# Not your friendly "Brotherhood"...



## Frank S. (Oct 5, 2006)

Tariq Ramadan.

Recently refused an entry visa to the US...
Some background:
Ramadan’s previous visa was revoked in August 2004 by the US government pursuant to a provision of Immigration and Nationality Act amended by the Patriot Act of 2001 that excludes anyone who “has used the alien’s position of prominence within any country to endorse or espouse terrorist activity, or to persuade others to support terrorist activity or a terrorist organization.”

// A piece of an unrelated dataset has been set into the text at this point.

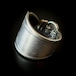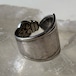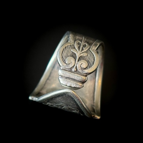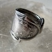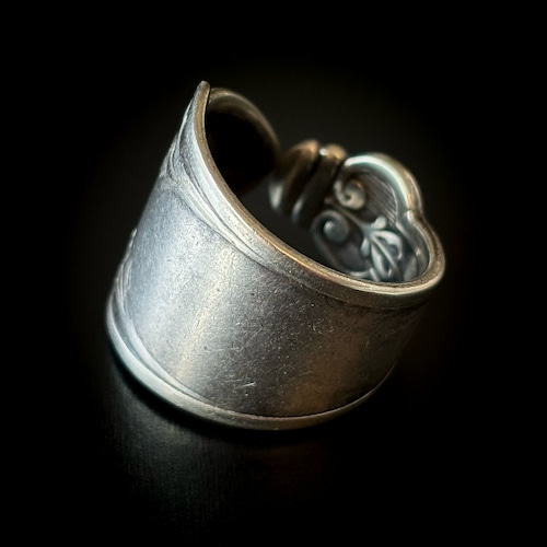 古いスプーンで作った指輪です。本物のスプーンの柄の部分をカットして丸めたものですので、裏側にも模様があるなどで元々はスプーンだったことがよくわかります。そのようなわけで、普通の指輪には見られない大胆なデザインが色々とお楽しみいただけます。

On June 23, 2006, a federal judge gave the U.S. government until September 21 to issue a formal decision on Tariq Ramadan’s pending visa application. The government must either grant a visa or provide a “legitimate and bona fide reason” to exclude him by that date. Media reports indicate that the government will not provide such a reason, and accordingly will permit Ramadan to enter the U.S. 

However, the evidence uncovered by Jean-Charles Brisard represents a “legitimate and bona fide reason” for denying Ramadan a visa. Among Brisard’s findings are the following: 

Tariq Ramadan had contacts with at least 6 convicted terrorists and terrorist designated entities, including:

1. Ahmed Brahim (sentenced to 10 years in prison in Spain in April 2006 for incitement to terrorism)
2. Djamel Beghal (sentenced to 10 years in prison in France in March 2005 for his participation to a foiled terrorist attack against the US Embassy in Paris) 
3. Menad Benchellali (sentenced to 10 years in prison in France in June 2006 for his participation to a foiled chemical attack in Paris)
4. Intelligence documents reflect that Tariq Ramadan coordinated a meeting held in 1991 in Geneva attended by Ayman Al Zawahiri and Omar Abdel Rahman, respectively Al Qaeda leader and planner of the terrorist attack against the World Trade Center in 1993, sentenced to life in the United States
5. An abstract of the (terrorist-designated) Al Taqwa Bank phonebook mentions Ramadan and his brother.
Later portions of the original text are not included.